4 thinly sliced boneless chicken breasts
shredded parmesan cheese
seasoned dry bread crumbs
1 tbsp sea salt
1/2 tbsp fresh ground black pepper
1/4 tbsp poultry seasoning
whole wheat pasta
tomato sauce ( Classico Traditonal)
1. Season chicken with pepper, salt and poultry seasoning in a bowl. In a separate bowl beat two eggs. Pour the flour and bread crumbs into two separate zip loc bags. Coat the chicken in the egg wash and then add it to the flour and shake until the chicken is well coated with flour. Shake off the excess flour and give the chicken another egg wash. Add the chicken to the bread crumbs and shake until the chicken is fully coated.

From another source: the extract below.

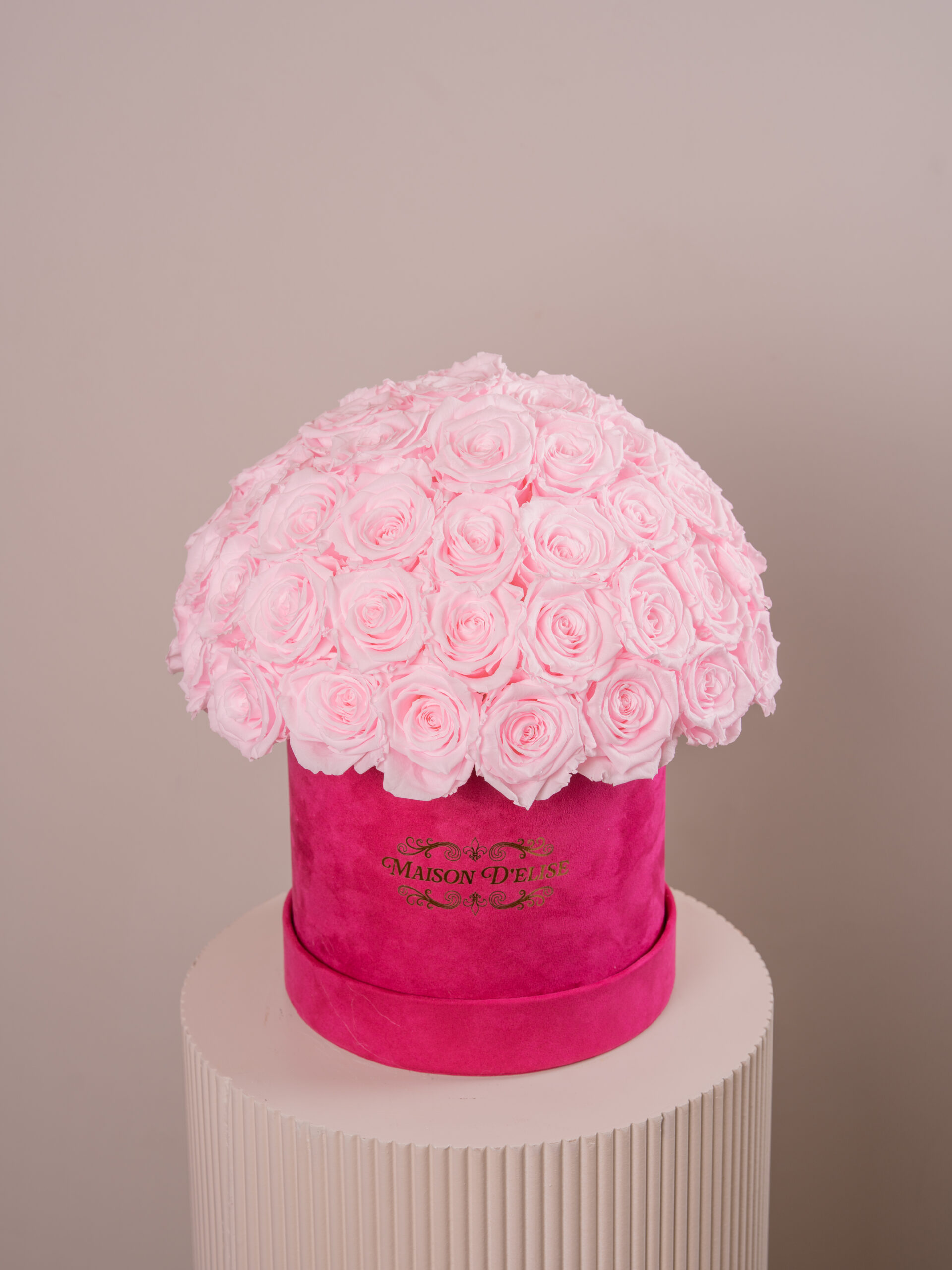 Vibrant velvet hat box with 50 Ecuadorian light pink roses meticulously arranged.

2. Heat 2 tablespoons of olive oil on medium heat in a large pan and cook the chicken until golden brown on both sides. Remove chicken and place on baking pan and sprinkle shredded parmesan on top. Preheat the oven to 350 and insert chicken. Remove chicken once cheese has melted and the chicken is fully cooked.

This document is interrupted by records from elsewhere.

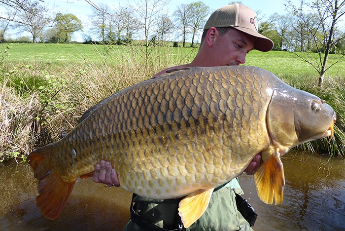 Een ronnie-rig met fluo pop en een klein handje voer moest het doen. De tactiek bleek te werken, want aan het einde van de middag kreeg ik een volle fluiter. Na een spectaculaire dril, waarbij deze mastodont meerdere keren de opkomende lelievelden in schoot, kon m?n maat het net onder de zwaarste vis van de sessie schuiven. Wat een kanon!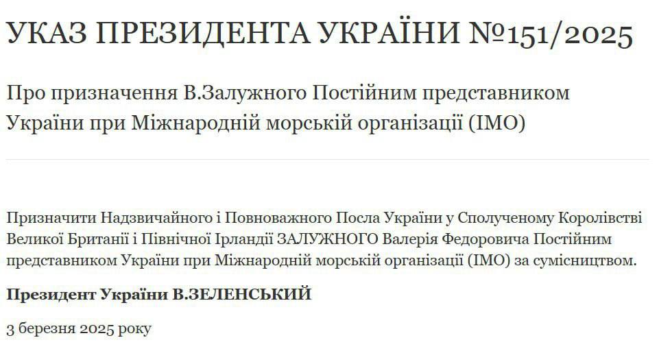 Zaluzhnyi will perform the duties of Ukraine’s representative in the IMO and Ukraine’s ambassador to the United Kingdom concurrently.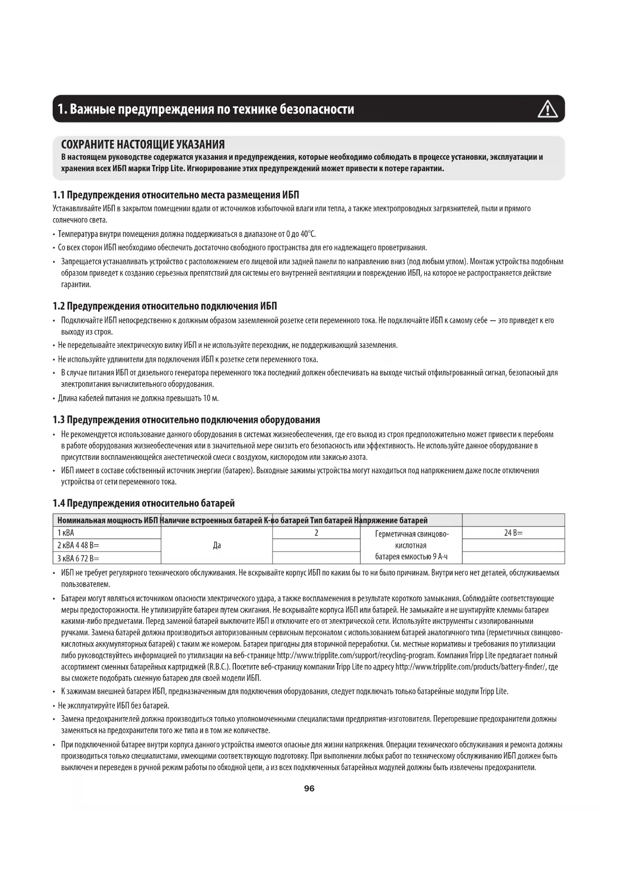СОХРАНИТЕ НАСТОЯЩИЕ УКАЗАНИЯ В настоящем руководстве содержатся указания и предупреждения, которые необходимо соблюдать в процессе установки, эксплуатации и хранения всех ИБП марки Tripp Lite. Игнорирование этих предупреждений может привести к потере гарантии.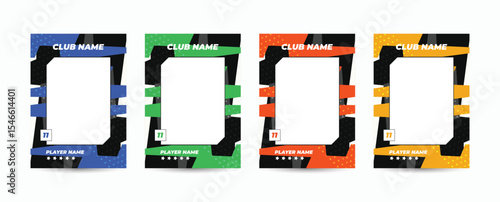 Set of player trading card template, Photo frame and border collection for soccer, hockey, volleyball, and basketball players, Sport flyer layout design, Template eps 10.

3. Cook pasta according to packaging instructions.
4. Heat pasta sauce on medium, add additional seasoning to taste (black pepper and italian seasoning)
5. Brush olive oil over sliced french bread, and grate fresh garlic over each slice of bread. Add shredded parmesan on top and place bread in the broiler on low. Take out once cheese has melted and bread is golden brown.
6. Place pasta on plate and spoon over the doctored red sauce. Add chicken to the top and garnish with italian seasoning.